((

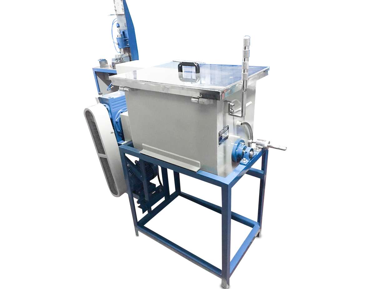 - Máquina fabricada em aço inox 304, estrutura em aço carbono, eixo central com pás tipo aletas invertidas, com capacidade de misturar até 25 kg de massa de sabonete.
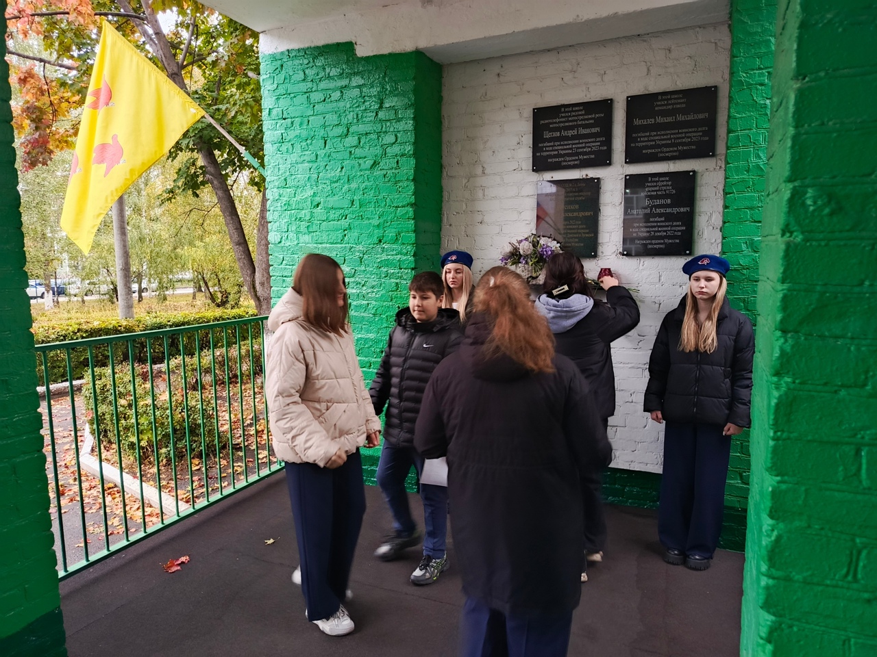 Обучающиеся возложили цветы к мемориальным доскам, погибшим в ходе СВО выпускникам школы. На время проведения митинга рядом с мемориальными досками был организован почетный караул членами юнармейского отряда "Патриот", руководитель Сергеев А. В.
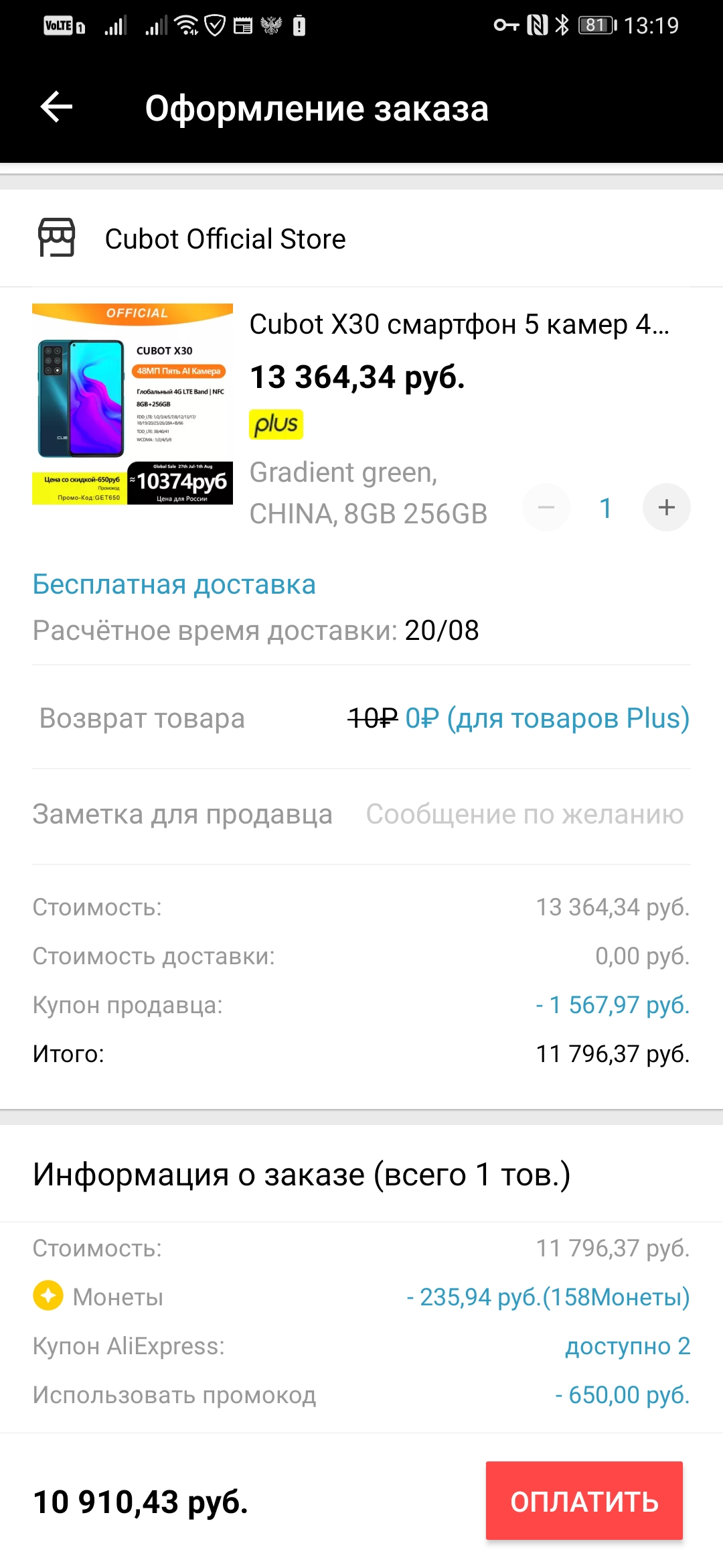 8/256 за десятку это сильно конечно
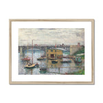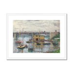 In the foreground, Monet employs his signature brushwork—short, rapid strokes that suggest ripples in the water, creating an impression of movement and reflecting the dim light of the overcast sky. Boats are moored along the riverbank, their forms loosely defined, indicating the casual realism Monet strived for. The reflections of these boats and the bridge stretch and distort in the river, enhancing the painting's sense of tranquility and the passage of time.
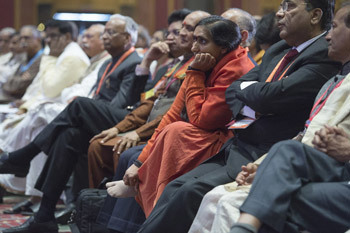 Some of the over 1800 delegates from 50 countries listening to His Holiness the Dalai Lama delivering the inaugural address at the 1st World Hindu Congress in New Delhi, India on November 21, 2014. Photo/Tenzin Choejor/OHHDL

))
((

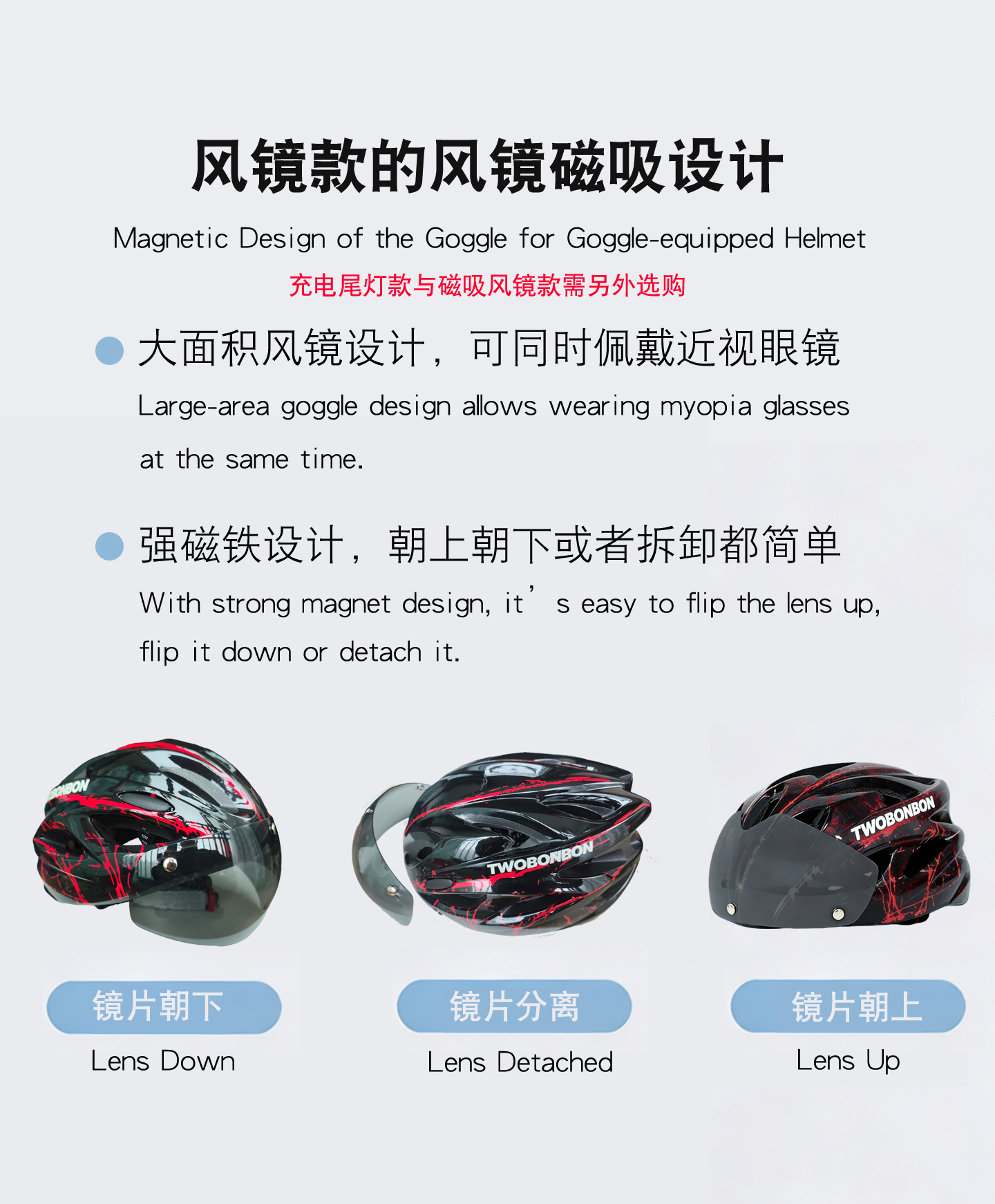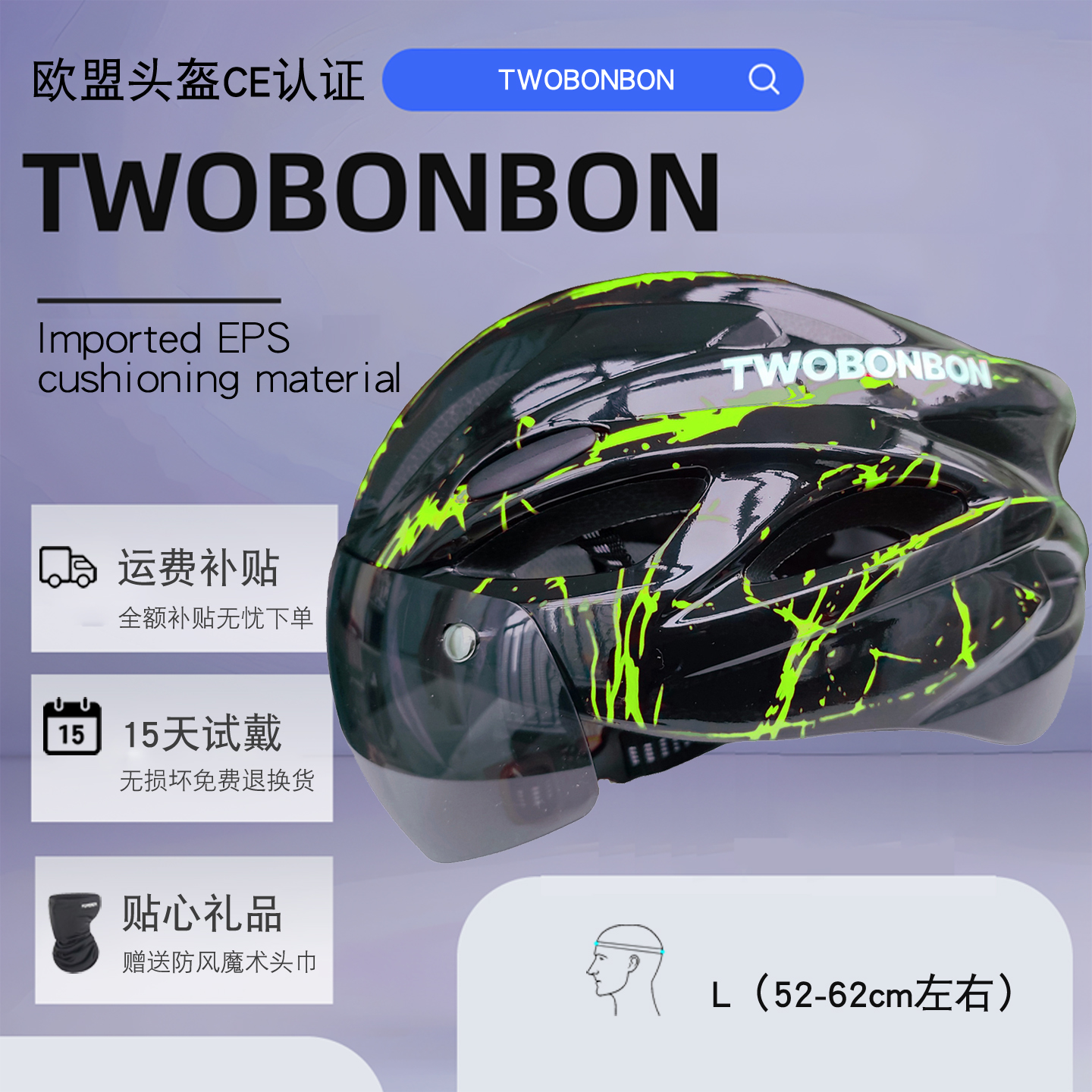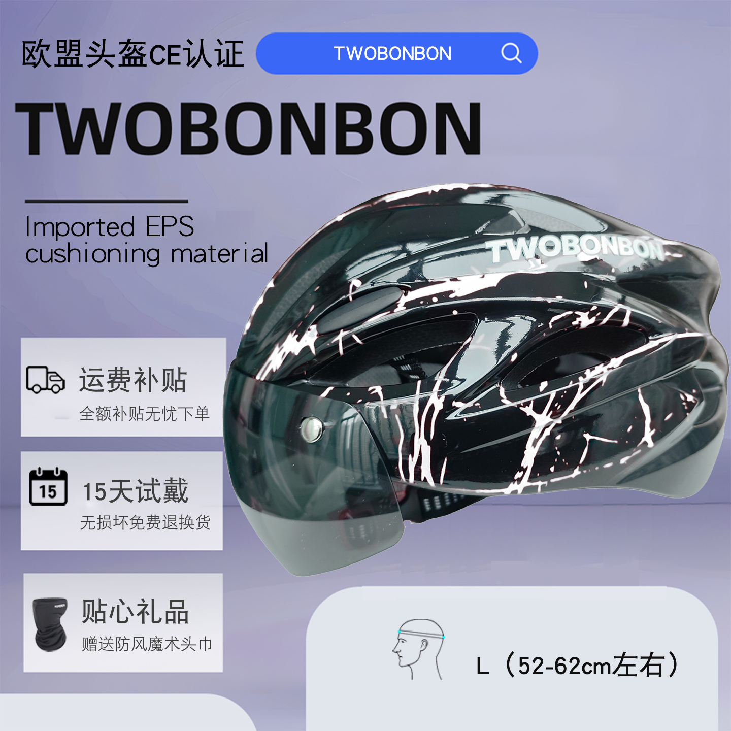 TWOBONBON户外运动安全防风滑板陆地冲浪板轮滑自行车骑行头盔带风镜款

))
((

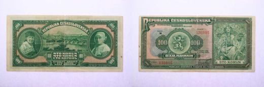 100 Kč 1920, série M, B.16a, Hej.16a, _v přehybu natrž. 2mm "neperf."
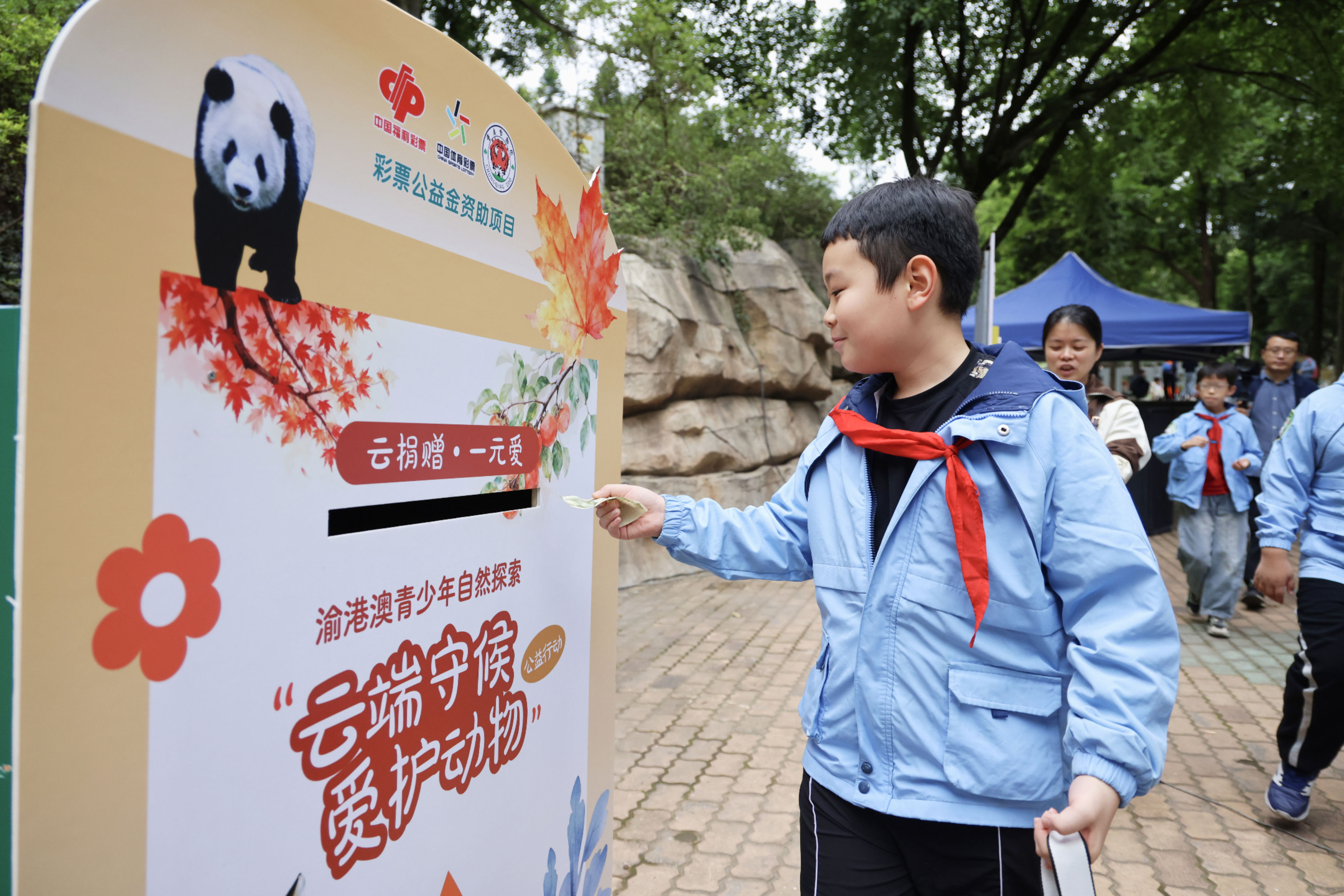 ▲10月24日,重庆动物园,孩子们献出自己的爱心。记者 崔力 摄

))

* [What is expected]: When copying from the data above, print only the lines from the line containing "Обучающиеся возложили цветы" to the line containing "8/256 за десятку это сильно конечно", exactly, and leave the pictures out.

* [Your response]:
 Обучающиеся возложили цветы к мемориальным доскам, погибшим в ходе СВО выпускникам школы. На время проведения митинга рядом с мемориальными досками был организован почетный караул членами юнармейского отряда "Патриот", руководитель Сергеев А. В.
 8/256 за десятку это сильно конечно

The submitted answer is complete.